Okay Mike; I'll bid 7844 points, which is what I should have after this post.


----------



## HItorMiss (13 Nov 2008)

6100


----------



## leroi (15 Nov 2008)

Rodahn  ... brilliant ... genius idea!!  ;D

It's humbling to see the generosity here.

I'll put my entire 2,395 (er, 2,396 2,425 now I guess) Milpoints on winning for Rodahn ...

Good luck with our common goal everybody!


 Edit: to adjust my Milpoint total


----------



## Rodahn (15 Nov 2008)

Thank you leroi, but the original thought was yours with the PM on what can we do for a fellow member.

By the way Mike; I noticed that I was awarded 100 milpoints for being the highest active member for a day, and I don't believe that I deserve the honour, based upon donated points.


----------



## ENGINEERS WIFE (15 Nov 2008)

As of right now I have 1030 pts, and will gladly donate them all to Avor.  He deserves it.


----------



## Bass ackwards (15 Nov 2008)

2580 (or whatever I have now). 
And if that's enough to win one of the certificates, then kindly send it on to Avor for me.


----------



## gun runner (16 Nov 2008)

Mike.. send all of my points to date and, any accrued after this post and give them to Avor.
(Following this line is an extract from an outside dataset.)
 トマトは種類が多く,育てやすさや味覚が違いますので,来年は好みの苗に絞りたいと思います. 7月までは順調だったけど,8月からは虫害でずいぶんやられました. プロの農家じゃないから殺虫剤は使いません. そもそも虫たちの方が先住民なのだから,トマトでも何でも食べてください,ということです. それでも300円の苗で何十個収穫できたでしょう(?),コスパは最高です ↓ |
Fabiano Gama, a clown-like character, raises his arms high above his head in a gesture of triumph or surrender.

Ubique


----------



## tango22a (16 Nov 2008)

Same here!

Cheers,

tango22a


----------



## Eye In The Sky (16 Nov 2008)

Mike,

I think I have 13,000ish points.  I'll throw mine in here as well.  If I win, those winning I'd be glad to forward on to Avor.  If I am a runner-up, please add my points to the tickletrunk ones for Avor.


----------



## Mike Bobbitt (17 Nov 2008)

Wow, this is a very generous outpouring... I'm impressed!
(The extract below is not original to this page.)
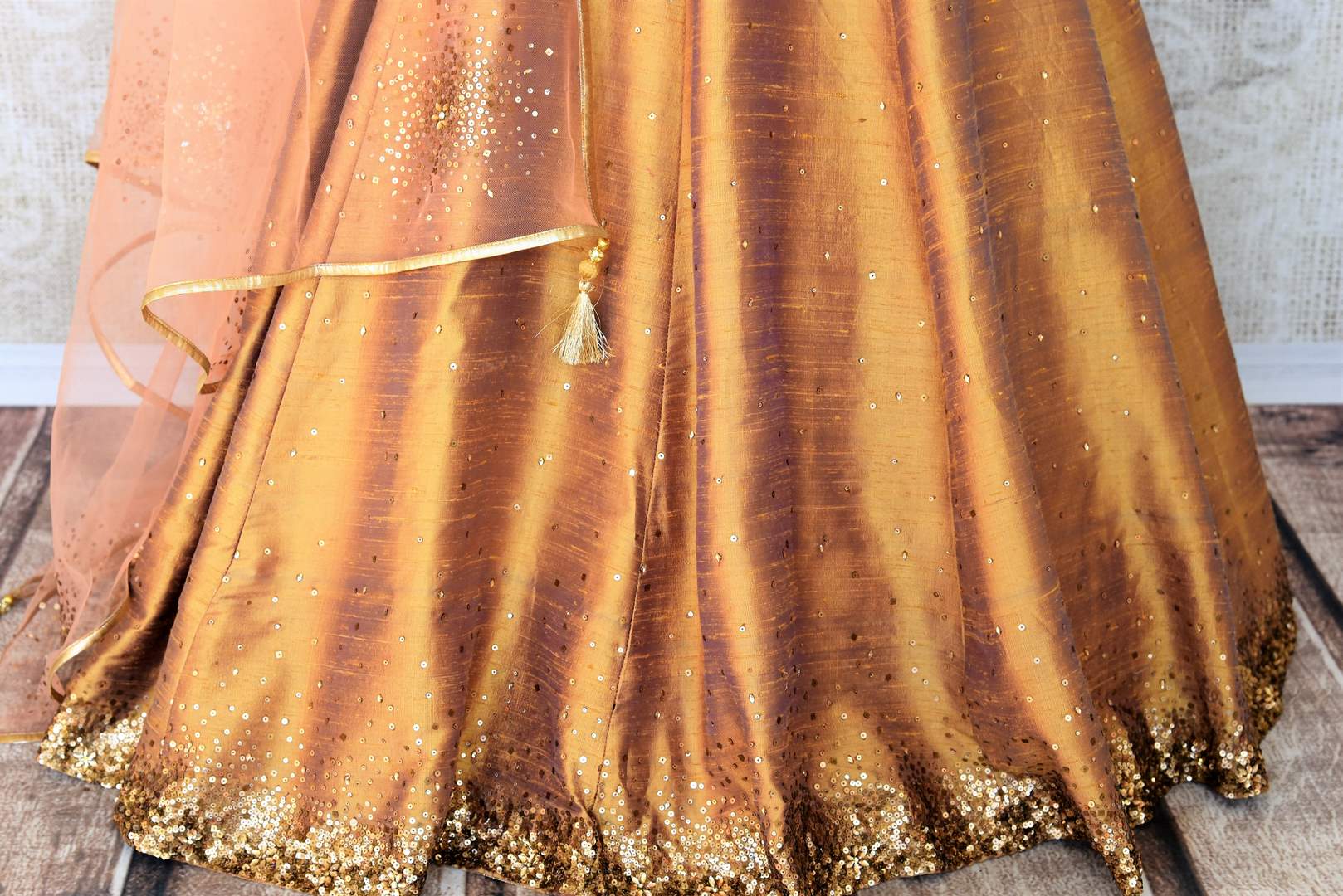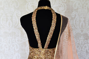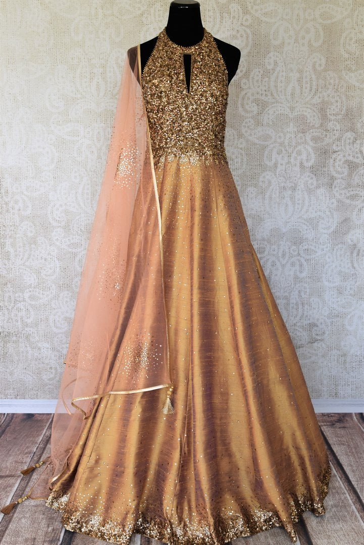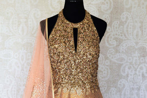 Leave them gaping in awe as you strut in this scintillating gold silk floor-length dress. The gorgeous sequins embroidered all over the dress complemented with a halter neck and peach sequin work dupatta looks nothing less than a dream. Shop designer anarkali suits, concept sarees, indowestern dresses online or visit Pure Elegance store, USA.

Unfortunately it's a fairly manual task for me to move MilPoints around, and with the requests to do so rising steadily, I just can't keep up. So I'll be happy to track the highest bidders with their current totals and at the end, if any of the 5 winners want to donate their gift certificate they're more than welcome. I'm glad to see so many people being so generous!


Cheers
Mike


----------



## Mike Baker (17 Nov 2008)

Whatever I have the day the auction ends.


Cheers
Beaver


----------



## Rodahn (18 Nov 2008)

Sorry if I've caused you a headache with the idea Mike. If you're ever out on the left coast holler at me, I at least owe you a beer or six.


----------



## Mike Bobbitt (18 Nov 2008)

No worries... I wish I'd put together the MilPoints system to be more flexible this way!


----------



## Jorkapp (20 Nov 2008)

I'll gladly donate all my MilPoints to Avor winning one of those certificates.


----------



## Celticgirl (20 Nov 2008)

OK, I'll join in: 10,300 pts. 



			
				The Beaver said:
			
		

> Whatever I have the day the auction ends.
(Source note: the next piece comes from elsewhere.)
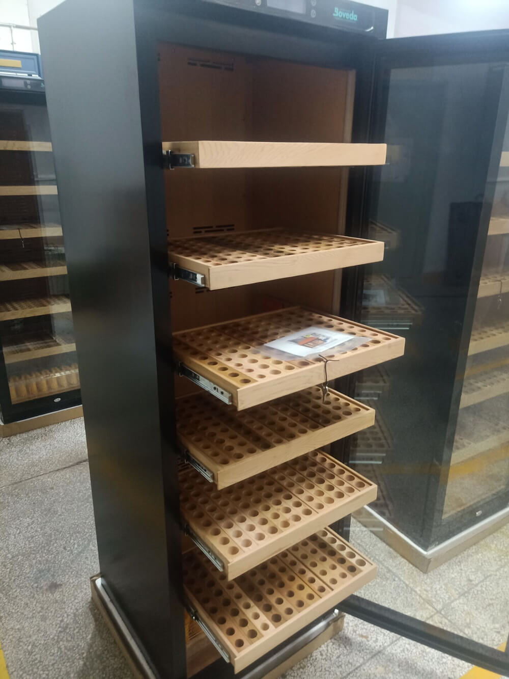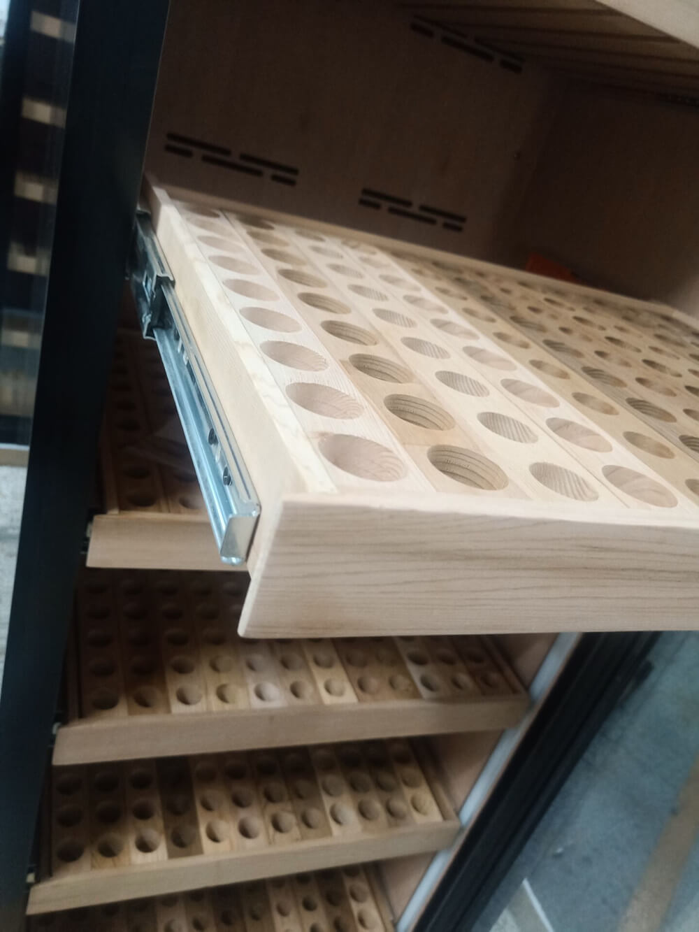 非古雪茄中,尤其美國(guó)的雪茄尺寸及造型更是多變,該客戶訂購的雪茄柜每一層雪松木實(shí)木層架均能豎放108支雪茄,層架上的每一個(gè)孔徑也都大小都不一,能存放不同環(huán)徑尺寸的雪茄。

No cheating, Beaver!!   :rage:


----------



## Mike Baker (20 Nov 2008)

Celticgirl said:
			
		

> No cheating, Beaver!!   :rage:


It's not cheating! It's playing your cards smart! ;D


----------



## leroi (20 Nov 2008)

Wow, it looks like we have a new challenger for the top five: Celticgirl!

I keep chugging along but can see I'll never come close to the top five--even though I'm practically living here this past week.  ;D

-just did a quick scan and this is the way it looks to me; someone should double check since numbers aren't my strong point:

First place: EITS 13,855

Second place:The Beaver 10,955

Third place: Celticgirl 10,315

Fourth place: Rodahn 8,154

Fifth place: Old Sweat 6,775

BulletMagnet is closing in fast with: 6,370

Good luck everyone!


----------



## Mike Bobbitt (29 Nov 2008)

Just a reminder: bidding closes midnight tomorrow night!


----------



## aesop081 (29 Nov 2008)

All of my milpoints to date , so 11 265


----------



## Mike Baker (29 Nov 2008)

Mine are at 12,315 as of this post. Give 'em all up for the cause to keep myself as #2.


----------



## Celticgirl (29 Nov 2008)

The Beaver said:
			
		

> Mine are at 12,315 as of this post. Give 'em all up for the cause to keep myself as #2.



All righty, then, ditto for me! I think I now have 11,570. That's enough to beat Cdn Aviator.


----------



## leroi (29 Nov 2008)

I'm throwing my 4,045 in but can see I don't stand a chance ...

Good luck everybody!


----------



## Eye In The Sky (30 Nov 2008)

Not sure what mine are but I'm still in.


----------



## Nfld Sapper (30 Nov 2008)

Eye In The Sky said:
			
		

> Not sure what mine are but I'm still in.



As of your last post, 15,095


----------



## Mike Baker (30 Nov 2008)

Two hours to go, folks!


My final bet, 12,655.


----------



## aesop081 (1 Dec 2008)

Celticgirl said:
			
		

> That's enough to beat Cdn Aviator.



I may be an asshole but look, i motivated you.  ;D


----------



## Mike Bobbitt (1 Dec 2008)

Alright, thanks for participating everyone! The final winner list is:

15,095 Eye in the Sky
12,655 The Beaver
11,570 Celticgirl
11,265 CDN Aviator
7,844 Rodahn

I'll be contacting each winner individually so I can get shipping information for the gift certificates.


----------



## Rodahn (1 Dec 2008)

Mike Bobbitt said:
			
		

> Alright, thanks for participating everyone! The final winner list is:
> 
> 15,095 Eye in the Sky
> 12,655 The Beaver
> ...



No need to ask me Mike, send it to Avor, please and thanks....


----------



## Eye In The Sky (1 Dec 2008)

Ditto here,

Merry Early Army Christmas Avor   :cheers:

EITS


----------



## Shamrock (1 Dec 2008)

Eye In The Sky said:
			
		

> Merry Early Army Christmas Avor   :cheers:



You're giving him a duty shift?


----------



## Rodahn (1 Dec 2008)

Shamrock said:
			
		

> You're giving him a duty shift?



Over Christmas???


----------



## Shamrock (1 Dec 2008)

I didn't say it was a _merry_ Christmas.


----------